*** Opening of INFORMATION PROVIDED ***

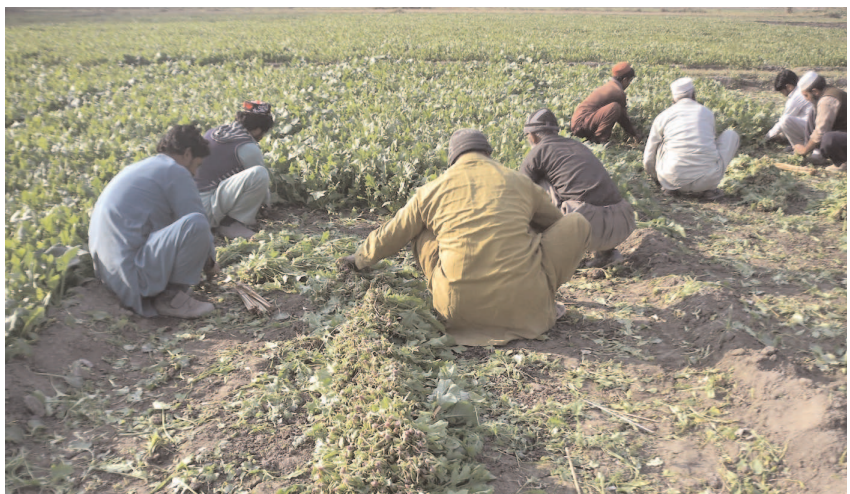
PESHAWAR: Farmers busy in harvesting spinach in their field.

During the session, Zahid Chun Zeb highlighted that the River Act implemented in Khyber Pakhtunkhwa has been copied from Punjab and that the province lacks its own tailored legislation, which is highly regrettable.
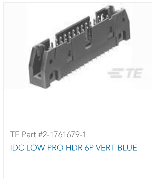
TE Part #2-1761679-1 IDC LOW PRO HDR 6P VERT BLUE
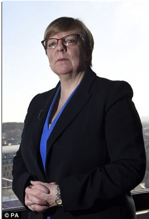
The five-year tenure of Alison Saunders (pictured) as Director of Public Prosecution has been branded 'disastrous' by critics

'She has a wealth of prosecution experience and is accustomed to dealing with regulators and counterparts at the highest level globally.'
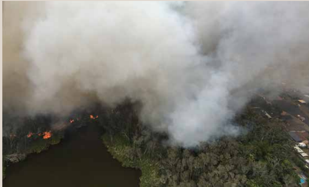
Aerial view of NSW mid north coast, Summer 2019.
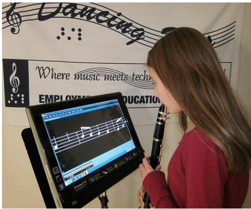
LimeLighter Music Reader
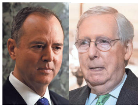
ADAM SCHIFF ; MITCH MCCONNELL

Vice President Mike Pence also traveled to Michigan, firing up the crowd before Trump took the stage. He told the crowd Pelosi would get her say tonight, but "the Republican Senate is going to have their say in January."
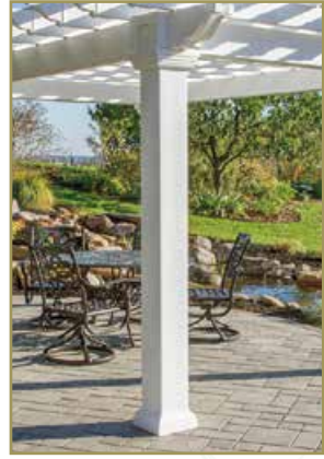
8x8 Post For a robust appearance
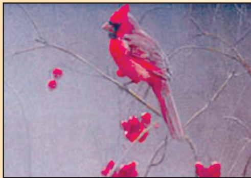
"Highbush Cranberries Cardinal"

FRI. NOV. 16 th 8:00-10:00 p.m. SAT. NOV. 17 th 7:30-9:00 p.m.
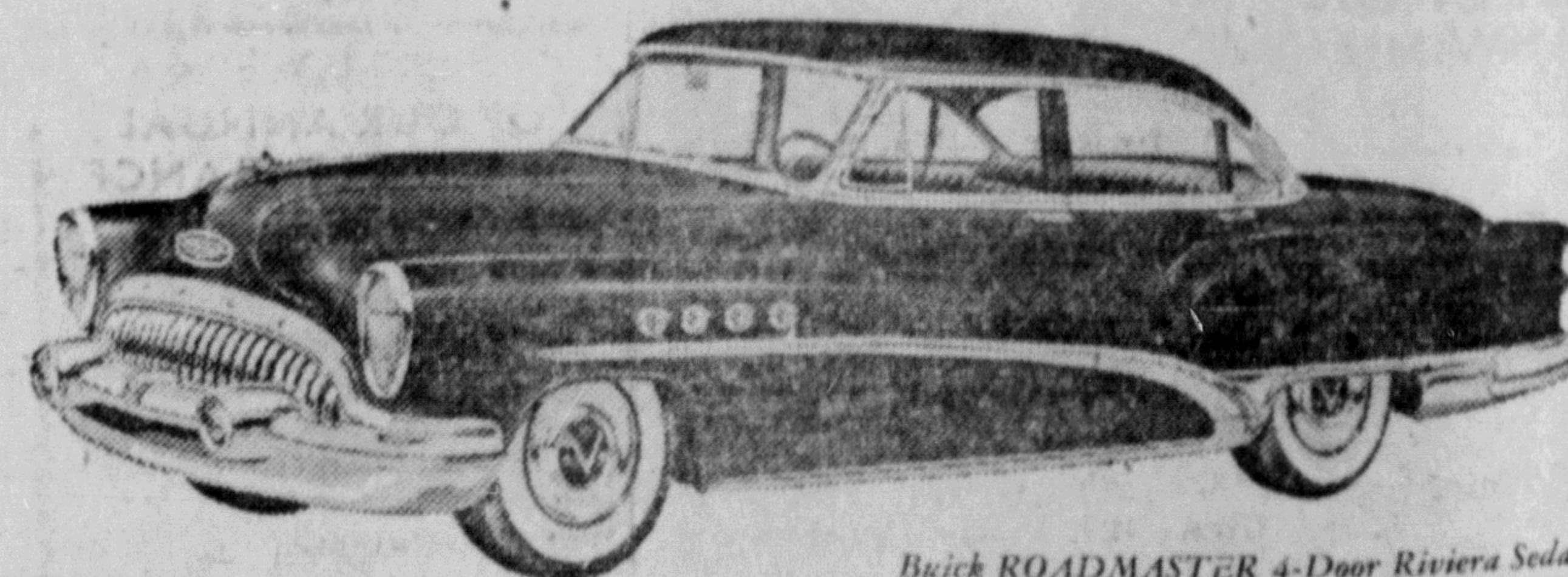
Buick ROADMASTER 4-Door Riviera Sedan

On Display CIVIC CENTRE THURSDAY 7:30 p.m.
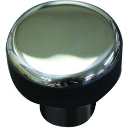
B8969 Doming Bottom Die
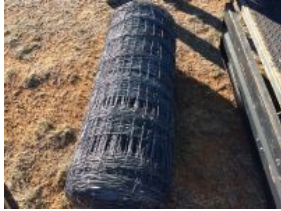
Outside Entry - 5

*** Close of INFORMATION PROVIDED ***

Only the lines from the first line of the entries through the line containing "highest level globally.'" should be output, exactly as they are, without pictures.

PESHAWAR: Farmers busy in harvesting spinach in their field.

During the session, Zahid Chun Zeb highlighted that the River Act implemented in Khyber Pakhtunkhwa has been copied from Punjab and that the province lacks its own tailored legislation, which is highly regrettable.
TE Part #2-1761679-1 IDC LOW PRO HDR 6P VERT BLUE
The five-year tenure of Alison Saunders (pictured) as Director of Public Prosecution has been branded 'disastrous' by critics

'She has a wealth of prosecution experience and is accustomed to dealing with regulators and counterparts at the highest level globally.'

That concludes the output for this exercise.